Leave it up to Fox, the channel that brought you Freaks and Geeks and That 70’s Show, to take the first stab.
When I sat down to watch the Tuesday premiere of Fox Network’s Undeclared, I couldn’t help but acknowledge the irony of my situation. There I was, a college freshman, about to watch a show asking me to poke fun at my own circumstances. Would the humor be biting? Would it all hit too close to home? Or, as was the case with Dawson’s Creek in high school, would it be comfortably distant from my real life?
Undeclared turned out to be more or less a cynical sketch of the 18-year-old set.
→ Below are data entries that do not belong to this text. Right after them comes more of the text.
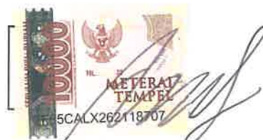
Aulia Dwindi Putri
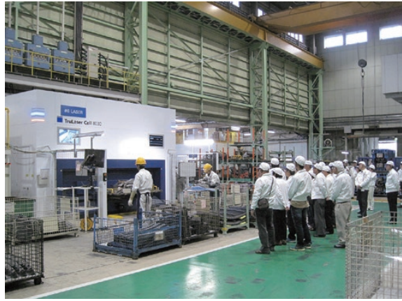
レーザー加工機の見学

2018年11月、羽村事業所及びGTL（ジーテクト東京ラボ）において、羽村市教育委員会主催の市民向け工場見学会を行いました。当日は17名の方にご参加いただきました。参加していただいた方からは「ジーテクトの事をよく知ることができた。」「プレス機の迫力に圧倒された。」「作業環境が整っていた。」などのご意見を頂きました。今後もこのような機会を設け、地域の方々とのエンゲージメントを図っていききたいと思います。
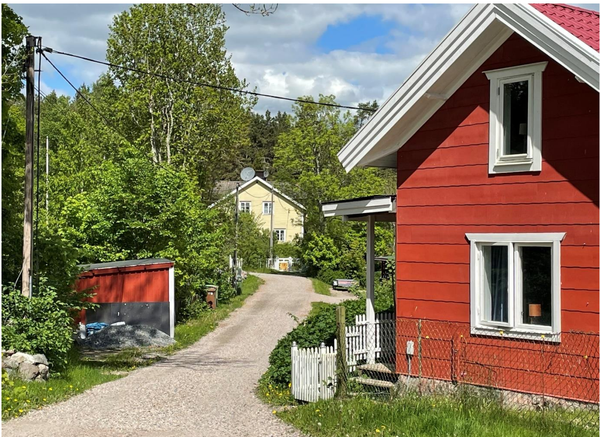
Bebyggelse i Himmelsberga by, byggnaden i fonden är en före detta fattigstuga.

Its core cast caricatures six quirky college-types rather than purporting to represent what it is to be in college.
Steven Karp (Jay Bucheral) is the David Schwimmer-esque, lovable loser who holds the spotlight as Undeclared’s– well– undeclared protagonist; his roommates are even further pigeon-holed into potentially one-dimensional roles. Seth (Ron Garner) is the beerbellied frat boy-wannabe; Marshall (Timm Sharp) the unwashed, tousle-haired “slacker” who seems stuck in an eternal hangover; and Lloyd (Charlie Hunman) the room’s “too cool” British ladies’ man.
Of course, the show is not without its contingent of college females. Down the hall live the ever-overwhelmed Rachel (Monica Keena) and her chipper roommate Lizzie.
The six are each neatly stereotyped outcasts in their own way. It’s the inversion of last decade’s teenage hero-worship a la 90210. We watch the show confident that we act cooler than they do. We laugh because we pity them, and because their challenges are heavy-handed versions of feelings we know too well.
Amid a slew of predictable freshmen aspirations and antics (to name a few: “re-invention”, floor parties, one night stands, homesickness and the creepy RA — a typical freshman word bank), Undeclared manages a few clever surprises in its half-hour time slot. No, it offers no fresh or shocking look at campus life in 2001; it lacks the daring and innovation of a big hit.
What it is, though, is a pleasant diversion from the comparatively less dramatic Collegiate life. If you loved Freaks and Geeks, Undeclared is the next wave in pseudo-realistic — more truthfully, caricaturistic — prime-time programming.